Arabie saoudite : cinq condamnations à mort prononcées dans le procès de l’assassinat de Jamal Khashoggi

Cinq condamnations à mort ont été prononcées lundi en Arabie saoudite dans le procès du meurtre du journaliste Jamal Khashoggi, a annoncé un procureur saoudien. Trois autres prévenus ont été condamnés à des peines de prison ferme. Aucune accusation n’a été en revanche retenue contre Saoud al Qahtani, un proche conseiller du prince héritier du royaume Mohammed ben Salman. Mohammed ben Salman n’a pas été poursuivi et le général Ahmed al Assiri, ex-numéro deux des services de renseignement, a été relaxé faute de preuve. Il était soupçonné d’avoir supervisé le meurtre.

"Le meurtre n’a pas été prémédité" selon la justice saoudienne

"Nous avons conclu que le meurtre de Khashoggi n’a pas été prémédité", indique le communiqué du procureur. Finalement, sur les 11 personnes qui ont été inculpées dans cette affaire, cinq ont été condamnées à mort, trois à des peines de prison totalisant 24 ans, et les autres ont été acquittées. Selon le communiqué, le tribunal de Ryad chargé de l’affaire a tenu au total neuf audiences en présence de représentants de la communauté internationale ainsi que de proches de Jamal Khashoggi.
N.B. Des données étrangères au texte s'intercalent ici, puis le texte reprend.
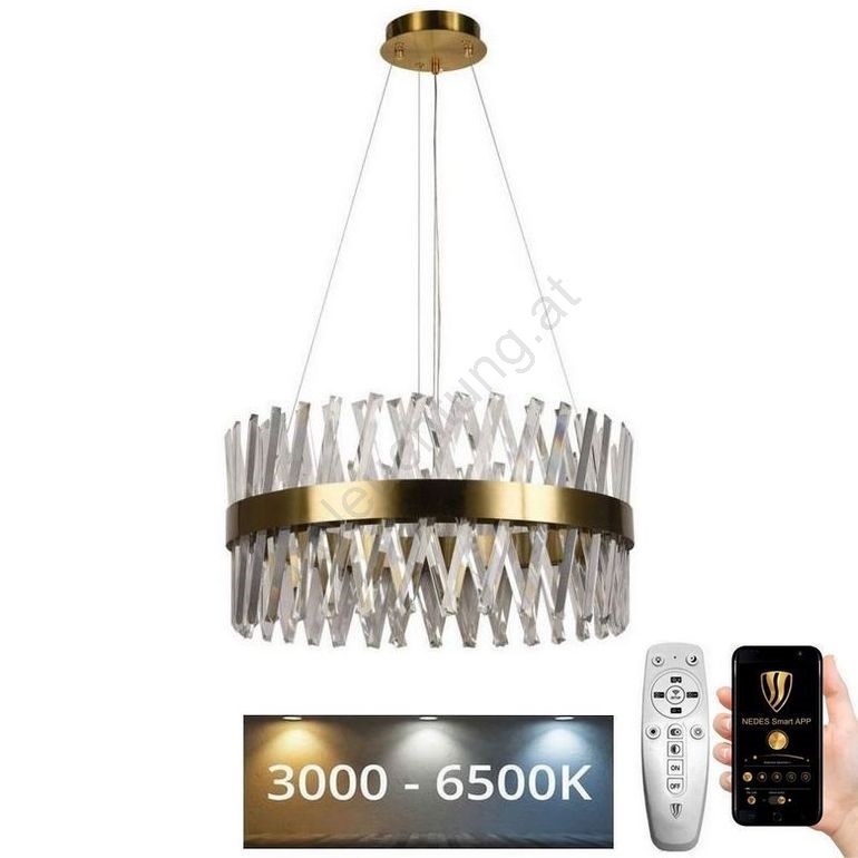 LED dimmbarer Kristall-Pendelleuchter an Kabel LED/80W/230V 3000-6500K gold + Fernbedienung
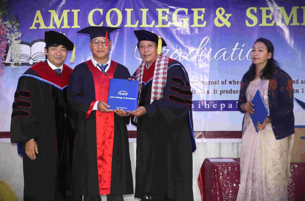 Rev. Dr. Shyam Shrestha, Rev. Dr. Timothy Pun, Ganga Pakhrin, and Minu Shrestha at the graduation ceremony- Hetauda, Nepal.

Tué au consulat d’Arabie saoudite à Istanbul

Chroniqueur du Washington Post, Jamal Khashoggi a été tué et démembré au consulat saoudien d’Istanbul le 2 octobre 2018. Il s’y rendait pour obtenir des papiers afin d’épouser sa fiancée turque. Son corps n’a jamais été retrouvé. Le royaume saoudien a traduit en justice onze suspects dans l’assassinat du journaliste qui était proche du pouvoir avant d’en devenir critique. La CIA et une experte de l’ONU ont mis en cause le prince héritier saoudien et homme fort du pays Mohammed ben Salmane, qui dément avoir ordonné l’assassinat, même s’il dit en porter la responsabilité en tant que dirigeant du royaume.